Mittwoch, 6. Februar 2008

Mein Herz schlägt am Fenster

Vielleicht ist das Leben wie die Straße, die vor meinem Haus den Berg hoch führt. Eine Sackgasse. An ihrem Ende ist ein Wendekreis. Von meinem Fenster aus sehe ich die Autos den Berg hoch fahren und weiß: irgendwann müssen sie zurückkommen. Wenn ich hier lange genug sitzen bleibe, sehe ich sie alle wieder vorbeikommen. Und das ein paar Mal am Tag.
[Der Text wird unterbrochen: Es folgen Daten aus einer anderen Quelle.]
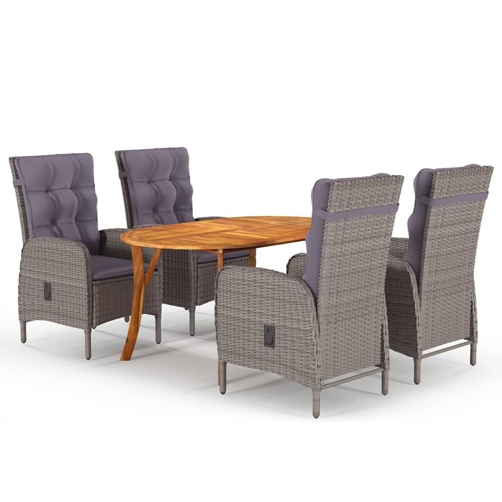 Create a compelling and cohesive aesthetic in your outdoor space with this garden dining set! This outdoor table is made of solid acacia wood, making it sturdy and stable. The oil-finished surface also makes the table easy to clean with a damp cloth. Additionally, the curved legs contribute to its stylish design. Featuring a steel frame covered with weather-resistant PE rattan, these dining chairs are sturdy and easy to clean. The thickly padded cushions add comfort in your lounging time. Note: In order to extend the life of your outdoor furniture, we recommend you to clean it regularly and do not leave it outdoors without protection unnecessarily.Clean: Use a mild soap solutionStoring: If possible, store in a cool, dry place indoors. If the product is stored outdoors, protect it with a waterproof cover. Wipe and dry the excess water or snow from flat surfaces after a rain or snowfall. Allow sufficient air circulation to avoid moisture-related damage.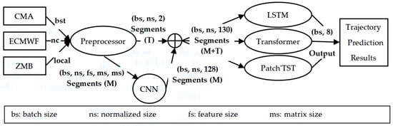 In this paper, the following three data sources are used: CMA, ECMW and ZMB; the first two are public and the latter is confidential. In terms of time, we mainly focus on the moments when the best track point of the typhoon was recorded by CMA, each of which is an integer multiple of 6, such as 0, 6, 12, 18, every typhoon day. From the perspective of spatial points, we focus on the surrounding spatial grid centered on the coordinate point of the best trajectory of the typhoon, and the location of the local acquisition stations in Zhuhai. The former changes with the typhoon track and represents a dynamic spatial coordinate point, while the latter does not change with the typhoon track and is a static point. When all data are fed into the system, a prediction of the future latitude and longitude is made. Only 6, 12, 18 and 24 h in the future are considered in this study, so predictions always contain four future points. Only typhoons with a certain number of trajectory points can be correctly identified, and the total number includes the input points and expected output points, e.g., a minimum limit of eight points, where the first four points are input and the last four points are output. The quantity limit varies with the input length and the prediction time range, which form a segment together. From a time point of view, we mainly focus on the moments when the best track points of the typhoon were recorded by CMA.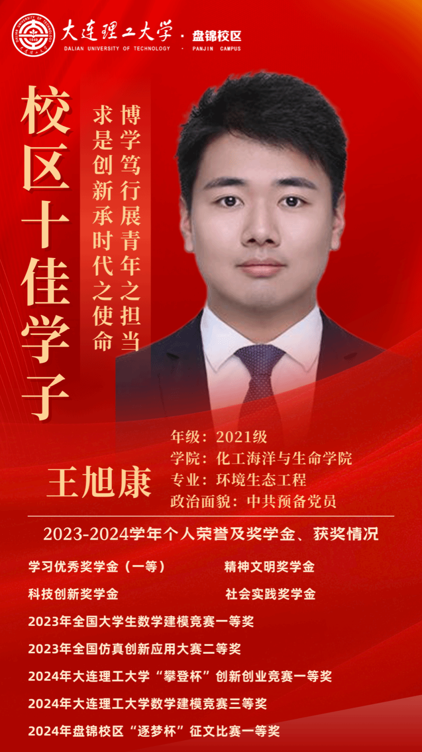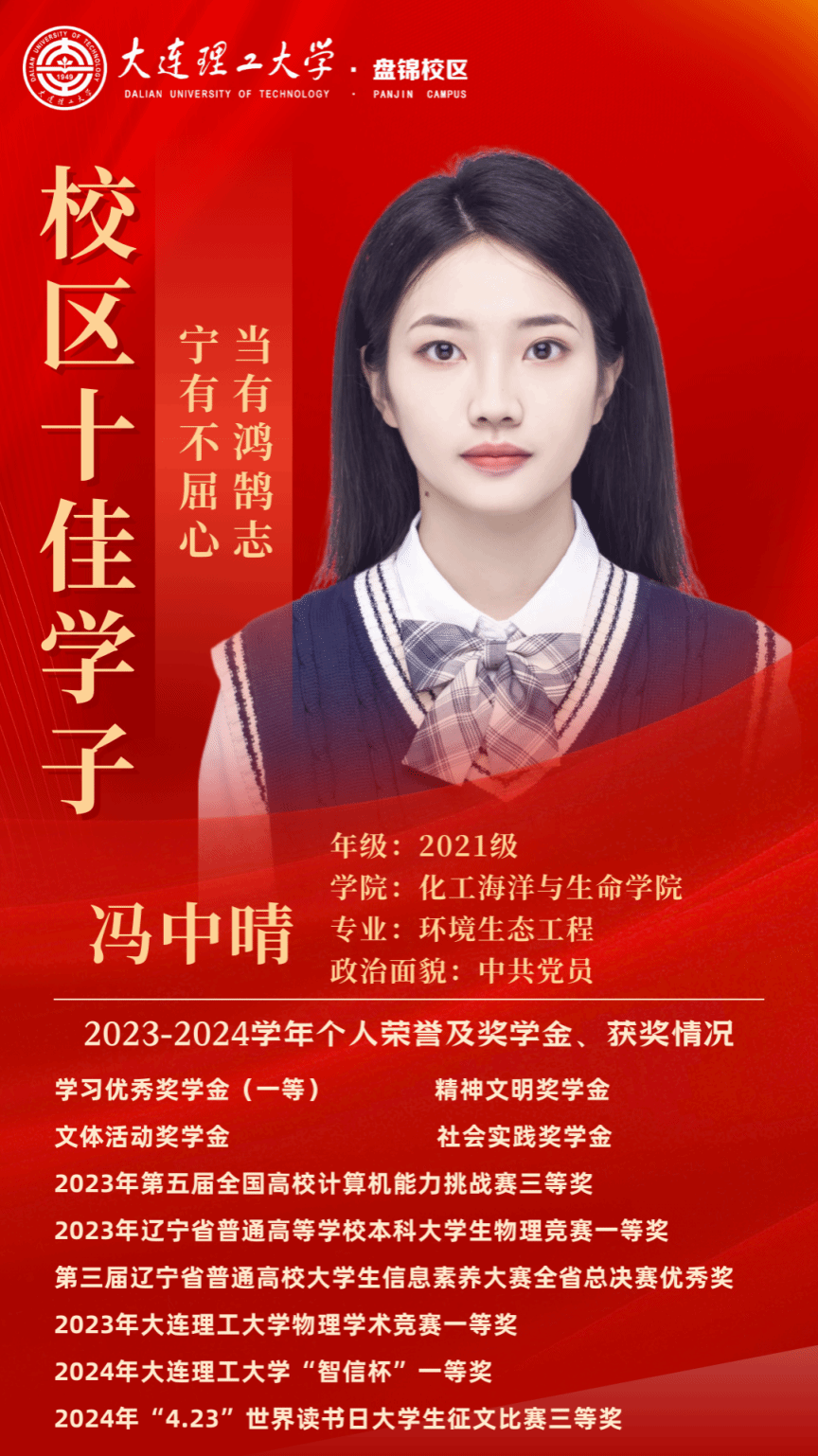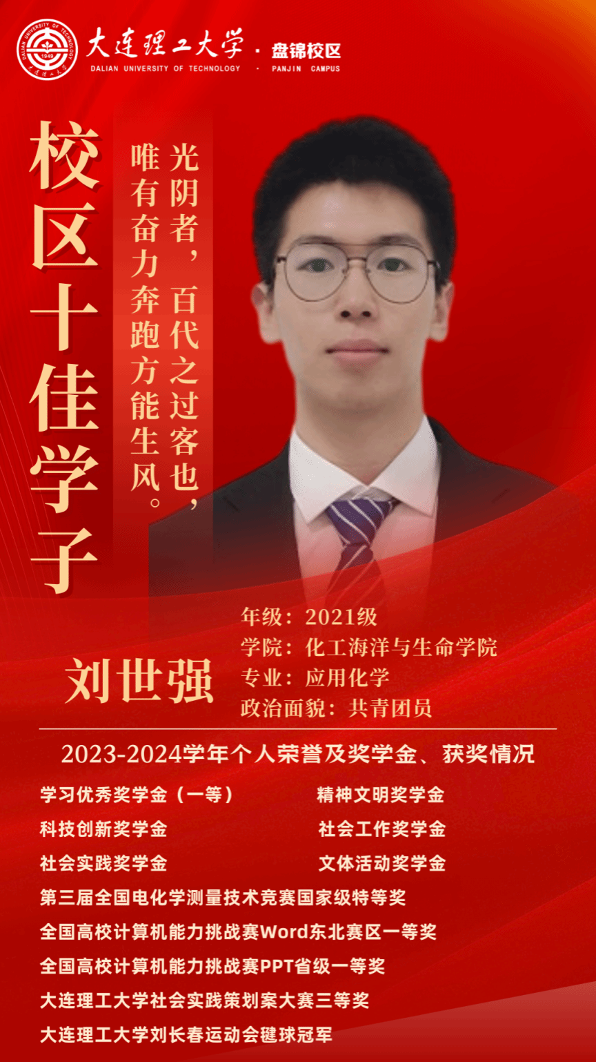 他们以拼搏为笔,书写青春华章;以奋斗为墨,绘就梦想画卷。他们不问来时路,只是一往无前地走在属于自己的奋斗的路上。经过他们的不懈努力,迎来的是属于他们的辉煌时刻。化工海洋与生命学院的学子不负众望,在大连理工大学盘锦校区第十一届“十佳学子”校评选中决出四名优秀学子,让我们一起看看他们的风采(按姓氏首字母排序):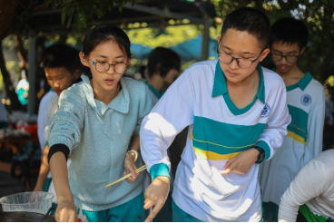 踏过石板,穿过树林,我们来到了第一站——拓染基地。在教师的指导下,同学们纷纷用橡皮筋在白手绢上扎出别致的形状。拿着自己的作品,往染水中一浸,待白手绢吸饱了水分,便将其取出,拧干。接下来,便是最激动人心的时刻——同学们用指尖轻轻捏住橡皮筋,一圈一圈将其拆下,原来叠在一起的部分便舒展开来,没扎的地方染上了青一色拓染水,扎住的地方则依然洁白,两者相交的地方颜色交织在一起,时而淡,时而深,宛若一幅素雅的中国画。不一会儿,独属于每个同学的艺术品便完成了。看着自己的作品,我们心中既是欣喜,又是激动。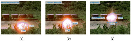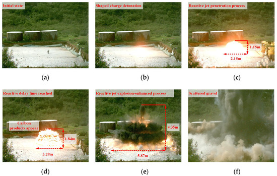 Formulas (6) through (8) suggest that, after the reaction of the reactive jet, a significant amount of solid carbon (C) was produced, signifying that an explosive reaction occurred in the penetration hole. By t = 30 ms, the carbon dispersed with the smoke, and fragments of the damaged concrete layer and base material were ejected.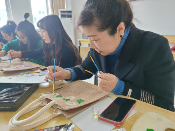 活動現(xiàn)場,女神們制作DIY麻袋包,不同的顏色匯成不同的圖案,呈現(xiàn)出獨具匠心的包包;制作美味蛋撻,烤箱內排列整齊的蛋撻鼓起大大的氣泡,散出特有的香味。現(xiàn)場氣氛熱烈、歡聲笑語。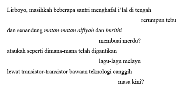 Tentang ini, saya teringat dan karenanya, saya ingin mengutip puisi karya K. H. Mustofa Bisri. Seorang ulama’-penyair, yang dulu juga merupakan alumnus pesantren yang pernah menjadi tempat saya nyantri itu, pernah menulis sebuah puisi berjudul “Lirboyo, Kaifa Haal?”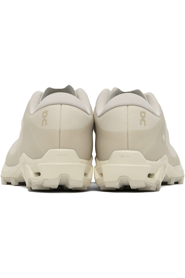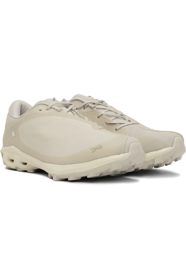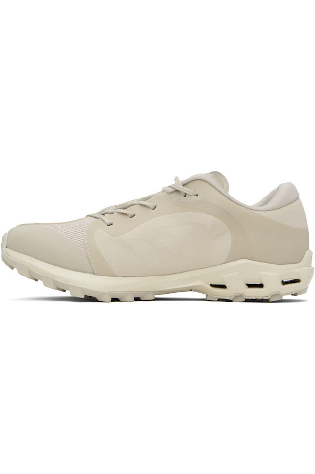 Низкие кроссовки из склеенного трикотажа и сетки бежевого цвета.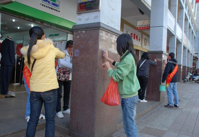 3月14日,我校师范学院青年志愿者服务队和学生会代表走上市区,走进街道,对卫生“死角”、“牛皮癣”等黑色广告进行清理。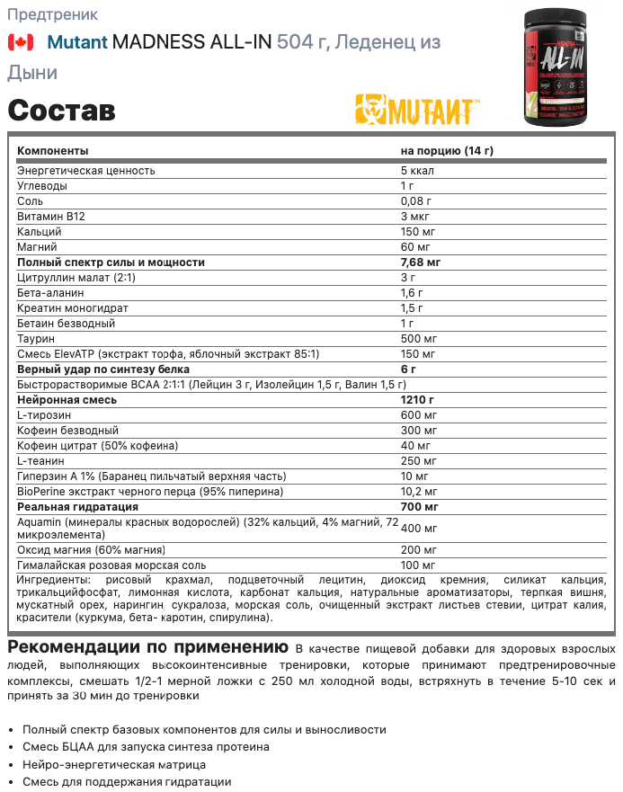СохранитьПредтренировочный комплекс MUTANT MADNESS ALL-IN 594 гр со вкусом Леденец из дыни интересное: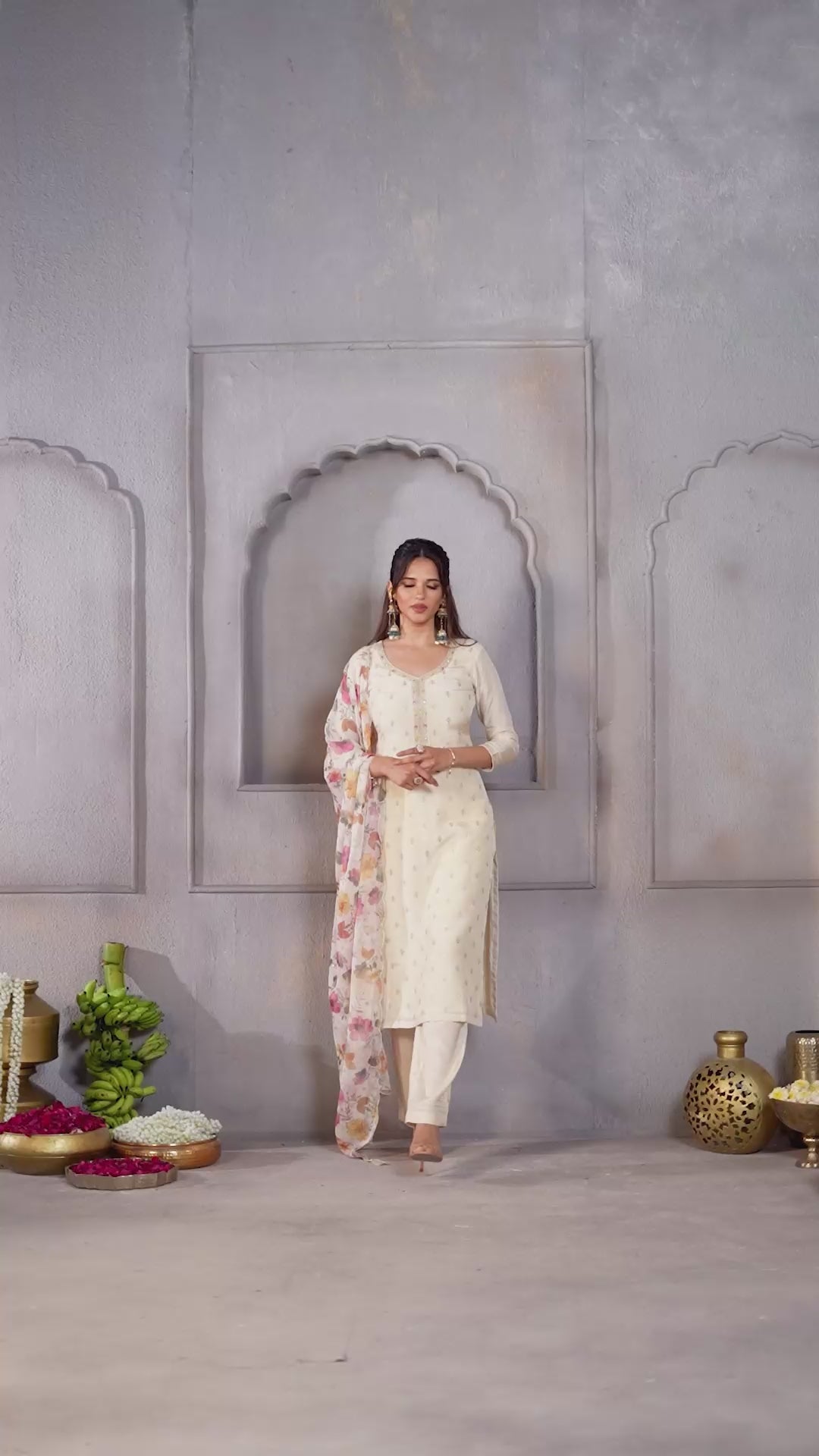 Cream White Embellished Dola Silk Pant Set
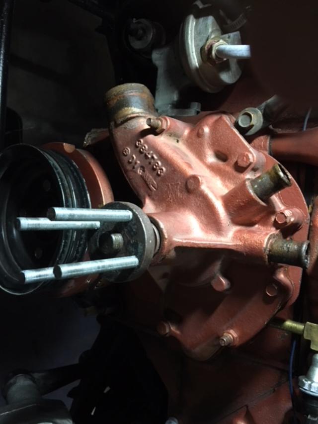 and we will be good to go. Here's a pic of the bad water pump with the super long studs in it. I'll hopefully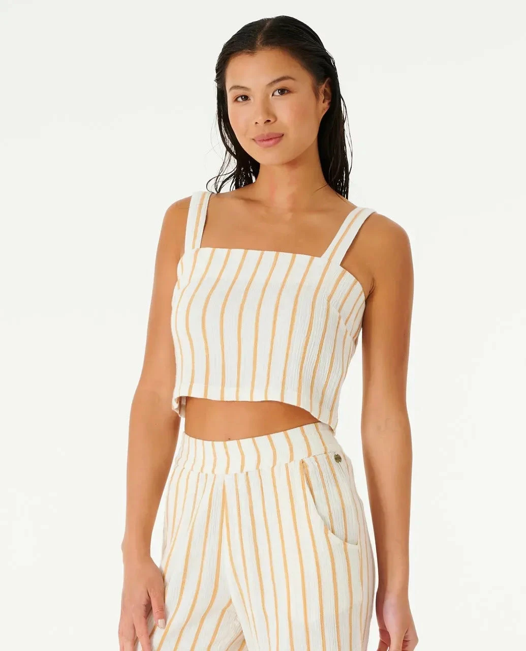 The Premium Surf Stripe Top is an epic women’s basic. Made from 100% cotton in a fitted cropped design, with a modern square neck, and textured and soft garment feel with yarn dye stripes and subtle smocking details.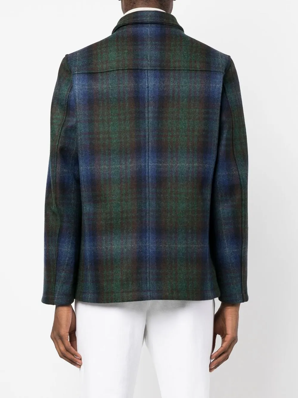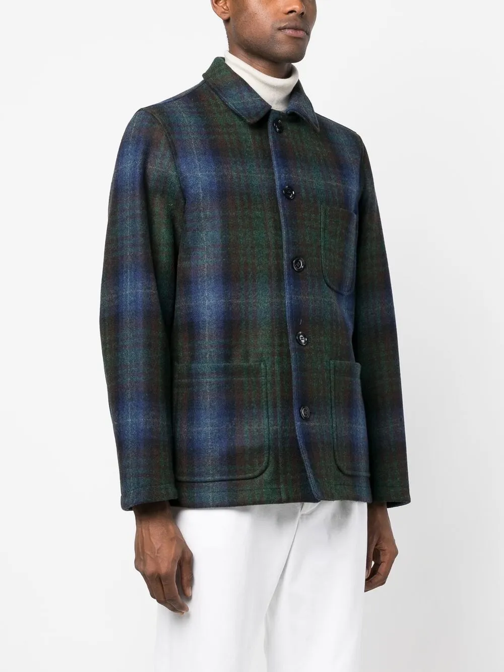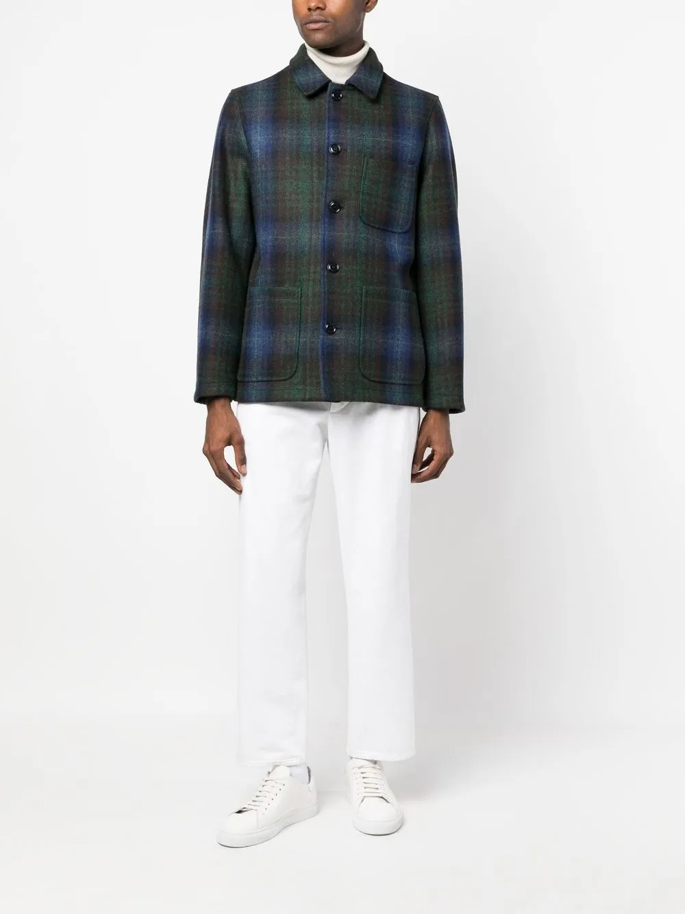 Зеленовато-голубой, разноцветный, необработанная шерсть, клетчатый узор, зазубренные лацканы, застежка на пуговицах спереди, нашивка с логотипом на груди, длинные рукава и два накладных кармана спереди.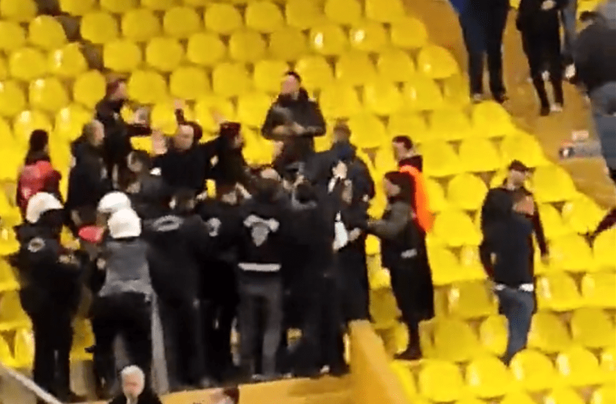 Në pjesën e dytë, një tension mes tifozëve ndërpreu për pak minuta lojën. Sipas mediave turke, mbështetësit vendas u rrahen me mysafirët nga Rusia, shkruan Lajmi.net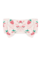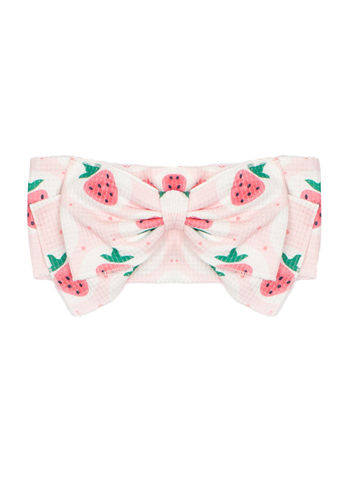 This adorable girl's hair accessory features a large bow adorned with a playful strawberry print in vibrant shades of pink and green. The bow is set on an elasticized band for a secure and comfortable fit. Perfect for adding a touch of fun and whimsy to any outfit, ideal for everyday wear or special occasions.

Die Leute sind sehr geschäftig, während ich den Diogenes mime. Im Wintergarten des Nachbarhauses bügelt wie immer die dicke Frau. Manchmal sehe ich schemenhaft ihre Titten durch das Badfenster das Stockwerk drüber. Sie erinnert mich an eine Barfrau in Basel. Ewig gemütlich, beinahe stoisch verrichtet sie ihr Tagewerk, wie die Wolken heute, die langsam vorbeiziehen. Alles hat seine Richtung. Man bügelt Hemden oder fährt den Berg hoch oder putzt Staub. Professor Lech erklärte gestern, dass auch die Zeit nur ein Ball ist, den Basketballspieler tanzen lassen. Nein, er erklärte es anders. Ich weiß nicht mehr. Die Zeit ist halt auch nicht das, was sie zu sein scheint ... nur dort, wo man ist. Aber da wir uns nur so verdammt langsam bewegen können, ist es eigentlich egal. Für unsere Wirklichkeit. Wenn man davon absieht, dass alles nur darum so ist, wie es ist, weil es sich mit der Zeit und dem Raum genau so verhält, wie es sich Einstein in seiner speziellen Relativitätstheorie ausdachte, und nicht anders. Ich denke gern über diesen Irrsinn in meinem Zimmer nach, und wenn ich Autogeräusche höre, schaue ich aus dem Fenster. Oder einfach mal so wegen der Wolken am Himmel und der Dicken am Bügelbrett. Ein ziemliches Durcheinander. Ich könnte jetzt die Zeit beinahe berühren; derart nahe bin ich ihr, dass sie mir unter die Finger kommt. Ich tippe sie in die Tastatur des Laptops. "Hallo Zeit", sage ich, "gerade schrieb ich dich nieder. Ich habe dich festgehalten. Ich habe dich berührt. Es ist komisch. Du bist wie eine Frau, die sich anbietet und ewig entzieht. Doch ab und zu kriege ich deine Nippel kurz zu fassen . Meine ganze Phantasie steht und fällt mit dieser Berührung."
Mein Herz schlägt am Fenster. Regen fällt im Februar, an einem bedeutungslosen Aschermittwoch. Ich stehe auf, weil ich Bier und Käse kaufen muss.